Exactly. What's disappointing is that they quote this hotel owner saying the old "nobody wants to work" trope when it's 100% false. They even bring up a conflicting quote a few paragraphs later, but I really doubt when she said that the person interviewing her said "no, you're wrong, and here's why." And it's not immediately and forcefully disproven in the article. It's not a difference of opinion, it's just wrong. It's disappointing it was even printed, honestly.

But this family will go on continuing to pay poverty-level wages for a brutal and thankless job convinced that other people are just lazy.


I'd be curious if the hospitality industry has the margins to pay them more or if this is just greed. If they don't have the margins and $20k-$30k is all that position can make them this is just a job being handed over to machines.

As the article pointed out, people are getting more educated and they're able to sniff out opportunity elsewhere. Jobs like housecleaning don't have a trajectory and possibly can't (though I'm open for refute).


Agreed! It’s not that people don’t want to work, they don’t want to work for $16 an hour, with no benefits, and get discarded on a whim to make the quarterlies look good. I don’t blame them.


> $16 an hour

I was in Vegas last month and they were advertising something like $12-13/hr for hotel cleaning jobs. In Vegas! Bonkers.


Why is that "bonkers"? What should these workers be paid in your opinion? Perhaps this is exactly the attitude that's causing this problem?


It’s not so much a problem as a correction - wages have mostly tracked inflation since the ‘70s (the $15/hr people get paid for menial jobs today sounds glamorous but is roughly the same as the $2/hr I was making at a menial job back then), plus now you have all the issues with the healthcare system being an unworkable mess - thank Richard Nixon for that.


Fleeing to where? Are other industries paying better? Except for niches like tech, wages are stagnant across the board.


Risk avoidance. Poor people can't economically handle "someone sneezed so you get no income for months". Plenty of low paying jobs never closed during covid and everyone's crowding into them to avoid possible economic disaster.

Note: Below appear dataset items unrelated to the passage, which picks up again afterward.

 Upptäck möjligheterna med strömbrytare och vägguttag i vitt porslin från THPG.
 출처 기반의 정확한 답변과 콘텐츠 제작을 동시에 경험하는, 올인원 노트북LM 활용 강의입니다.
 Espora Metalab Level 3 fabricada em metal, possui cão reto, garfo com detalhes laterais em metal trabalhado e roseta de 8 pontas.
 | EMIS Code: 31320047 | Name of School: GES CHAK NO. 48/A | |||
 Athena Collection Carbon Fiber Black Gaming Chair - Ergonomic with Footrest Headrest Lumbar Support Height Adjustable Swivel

Normally you fix lack of employees with higher pay, but low pay is baked into the cake they can't pay more and stay in business (which is the step right before going out of business, BTW).

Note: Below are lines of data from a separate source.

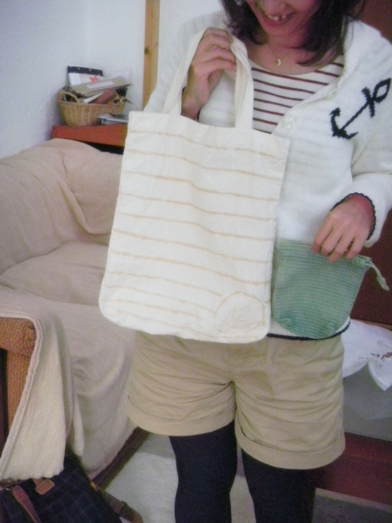 DSCN0726.JPG大きなバッグはもともと無地なのですが、豆乳で縞縞模様を描きましたよ~ん。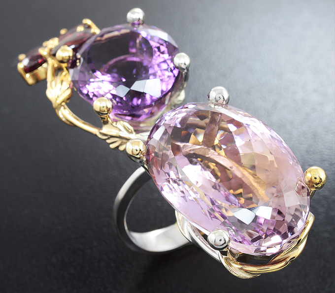 Кольцо c аметрином, насыщенным аметистом со сменой оттенка и родолитами гранатами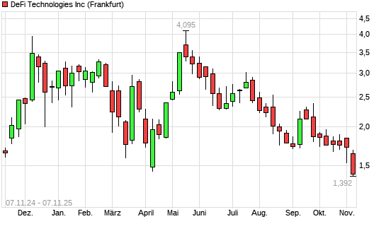 Mit dem Rücksetzer auf 1,41 EUR hat die Defi Technologies-Aktie (ISIN CA2449161025) am 06.11.2025 ein neues 12-Monats-Tief erreicht und damit den Kurs vom 05.11.2025 eingestellt.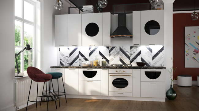 Готовая фабричная кухня под заказ. Фасады матовые с остеклением.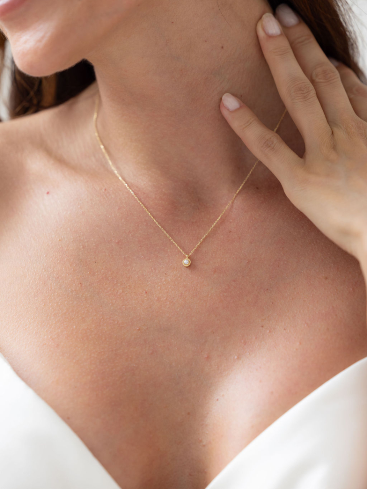 Collana in argento 925 placcato oro con pendente rotondo che racchiude una perla e zirconi. Aggiunge un accento delicato e raffinato al décolleté.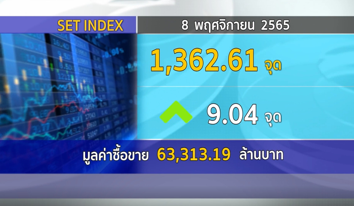 กทม. 8 พ.ย.-ตลาดหลักทรัพย์ ปิดวันนี้ที่ระดับ 1,632.61 จุด เพิ่มขึ้น 9.04 จุด (+0.56%) มูลค่าการซื้อขาย 63,313.19 ล้านบาท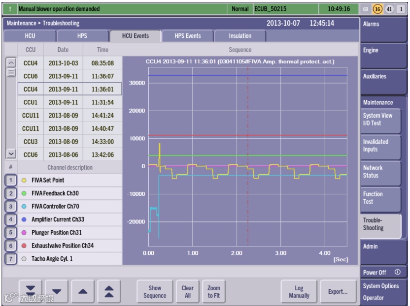 进行观察分析,HCU EVENTS是解决电喷机故障的葵花宝典似的存在,也是我在OCEAN PRIDE和各种案例学习的最大体会,当然MOP报警栏内显示出的报警原因也有很大帮助。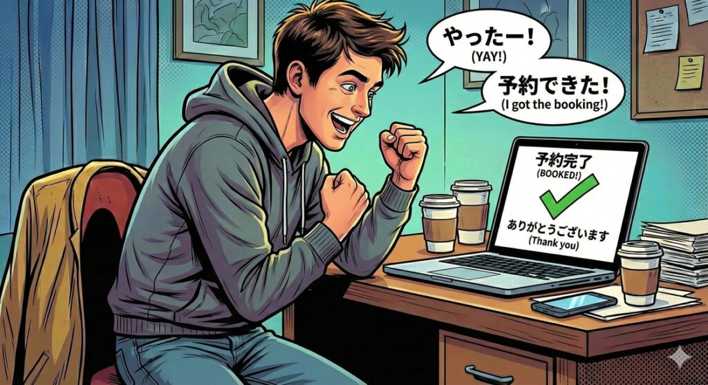 まずは今すぐ、公式サイトの予約ページをブックマークして、一度空席状況をチェックしてみましょう!意外と今、「△」が出ているかもしれませんよ?

Housekeeping/cleaning is pretty low wage regardless, and the pandemic gave a lot of people an opportunity to get new skills. Not saying they went into tech but almost any industry pays better.

A lot probably also went into industry that pay comparatively the same but offer more flexibility in scheduling.


Amazon warehouses, mostly. It’s also a worker treatment shortage. They leave for somewhere with equally low wages but less nonsense to put up with.


Amazon warehouses are no picnic, and their attrition numbers show it. But compared to industries that exploit immigrants and where wage theft is common, a warehouse job is objectively better.

A lot of people don't understand how hard it is at the bottom of the labor force.


Gig work is a big one. Gig work is taking a huge bite out of the lower-income + more physical service jobs. You still have no benefits and your pay sucks, but you at least can usually control your hours and you don't need to worry about being penalized/fired for getting sick/needing a few days to care for kids/etc.


Catering, retail, call “center” (often remote positions).


Yep.

How many customers of the hospitality industry prioritize either cleaning staff pay, or how perfectly the room was cleaned, when they are looking at their options for a hotel and deciding who'll get their money?

Reasonable Assumption: Hotel management knows the answer, and makes their decisions accordingly.


Just a matter of time before the Hotwire and Priceline bookers get a lower level/standard of cleaning for their rooms.

(I don’t care for intermediate cleanings when I stay, just at the beginning personally).


That's still a staffing shortage... If people aren't willing to work at the wages hotels are looking to pay then their job will be replaced by robots.


So people have been saying for 70 years. If a robot exists today that can make a bed and dust every surface, it probably costs $1M.


Correct! Plus a housing crisis.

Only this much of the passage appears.